How to Use This Blog

A Wayfarer is a person who is traveling, a particular place, a circumstance, a stage of life, etc. Let's walk the road of adoption together. The journey is so much better with company!
Much of this information is useful for any adoption, but this blog is designed to be a
I hope this blog will be helpful to you in your adoption whether you are considering, waiting or home. I started this blog when we were adopting and found there was next to nothing on the web in any orderly manner. I set about to collect information for myself and then for others. Now, there are more sites for resources, but still not much that brings it all together. I hope this blog will serve as a sort of clearing house for Ethiopian Adoption Information. Please feel free to contribute your knowledge through commenting.
You can search by topic in three ways. 1. Go to the "key word" tabs on top and open pages of links in those topics. 2. Use the "labels list" in the side bar or 3. use the "search bar" above the labels list. You can also browse the blog by month and year in the Posts section or in any of the above as well. The sidebar links are to sites outside of this blog. While I feel they provide good information, I can not vouch for each site with an approval rating. Use your own discernment for each. If you have more to add to the topic, please add it in the comment section of that page or post.
And, please link to The Wayfarer Adoption Blog by putting my button on
your blog so others can use this resource too. Please link to this blog when ever you can and whenever you re-post things (or images) you have found here. Thanks!
The solid tabs are links to my other blogs for books and family. Check them out if you are interested.
Welcome to the journey!

Saturday, January 21, 2012

Subconscious Memory and annual acting out

If you watch your child closely regarding the cycle of the year, you will likely notice that your child has certain mood swings that are associated with certain months, maybe a particular week or set of days or even a certain day. Whether you mention it or not your child has a subconscious memory of some very significant things. Abandonment, arrival at the orphanage, they day you came to get them. These are all traumatic experiences. There may be other events which trigger reactions that come out of "nowhere".  No, your child is most likely not going to remember, be able to identify what has triggered this behavior, or know anything about what happened. It is long gone from his or her conscious memory. It does not really matter what age your child was adopted at. Infant, toddler, preschooler, older child (who will likely remember but still not know why the behavior), all kids have had at least these three traumas, and it will come up in some way at some time. Some kids are more easily upset or act out regularly at these times. Some kids only have these issues when something else triggers at the same time of year. Say your child came home in August. School starts in August. So, that is hard on two fronts, but you can easily attribute certain behaviors to the change they made when they joined your family. It is exacerbated by school starting. The month your child was abandoned may have no other major change in it or regular stressor. It could go by with minor behaviors. But, one year Mom and Dad go on a weekend trip together that same month, and you have done it before but a different month, your child freaks out more than you expected. Abandonment triggered. Not that you are doing anything wrong or unusual, just a trigger, and yet, not JUST.

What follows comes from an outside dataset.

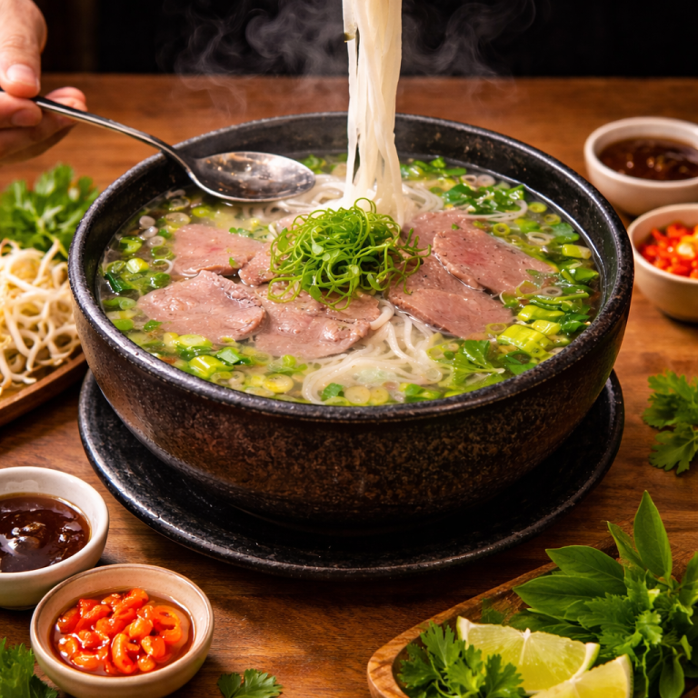 Unsere traditionelle vietnamesische Phở wird mit viel Sorgfalt und nach authentischem Rezept zubereitet. Die aromatische Brühe wird über viele Stunden gekocht und entfaltet dadurch ihren unverwechselbaren, intensiven Geschmack. Serviert mit zarten Reisnudeln, frischen Kräutern und ausgewählten Zutaten entsteht ein harmonisches und wohltuendes Geschmackserlebnis.

So, what are you looking for? Well that is as unique as your child. It could be that your child is more needy, attention grabbing, snugly, rejecting of you or others. You could notice an increase of nervous activity, fear, bed-wetting, bad dreams, acting out at school, bossy or controlling behavior, or melt downs and tantrums.

What to do? Extra attention and reassurance is the best place to start. However, before we realize what it is, we are most likely to come down on them for this "sudden" bad or annoying behavior. Just the opposite of what they need. In some cases it works to actually sit down, have a little chat about your child's early life. Read his or her life book together, talk about feelings. Use a feelings picture page to allow him or her to share feelings. Other times they just need extra reassurance that you are there for them, never leaving, safe, secure, etc.

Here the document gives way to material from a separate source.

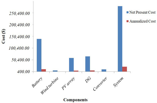 The proposed configuration for the HPG system consisted of PV (115 kW)/Wind (1 kW)/BSS (164 strings of 6 V each)/DG (50 kW). It had LCOE, NPC, and operating costs of $0.29 per kWh, $278,176, and $7542, respectively. The cost summary of the components for this configuration is indicated in Table 7. BSS made up 49.96% of the capital cost in this configuration, while the PV array system constituted 20.91%. The wind turbine comprised only 2.02% due to high capital and replacement cost. The DG made up 23.50% of the total cost, and the system converter was only 3.59% of the capital cost. The NPC and annualized cost of the above mentioned components are compared in Figure 13. NPC provide estimation of cash flow, showing the present value of installation and O&M over the lifetime of the component, while annualized cost differentiated the components as (1) low capital and high O&M and (2) high capital and low O&M costs. DG fell under the former category, while PV, wind turbine and BSS fell under the latter. In this layout of the HPG system, renewable energy sources constituted 22.94% of the total cost. In contrast, DG, BSS, and converter constituted 77.06% of the total cost.

This time of year is probably something you should discreetly mark in your calendar or alerts, just to give yourself the clue to be a bit more gentle than usual. Remember that the seemingly sudden disruption from your child actually means something and they need something from you. As they grow older, they need to know what it is, where it comes from and what to do about it.

What is it? Sometimes called a body memory, sometimes called simply subconscious memory of a traumatic event.

Where does it come from? Those feelings of being left, ...........of being overwhelmed with all the kids, will my needs be met? I must care for myself and trust no one, etc..... Who are these people, can I trust them? Here we go with another change, will I be ok? Do i have to take care of myself here too? Can I feel is it ok? Fear, uncertainty, rejection, etc.

What to do about it? Tell yourself the truth. That was hard, it was sad, it made me feel............. This happened to me, it was real, it was not ideal..................... When my parents came I was afraid, I had all these feelings. That is ok, it is normal. My parents love me. I did not have to take care of myself anymore. I am safe.  I have a family who loves me and cares about me and what I do and think and feel. It turned out good. In the article linked to in Subconscious memory it tells about the benefit of telling the story and putting it into conscious memory so that it can be reformatted and dealt with. The theory is that it can then be put into perspective and the person can deal with it in a healthy way.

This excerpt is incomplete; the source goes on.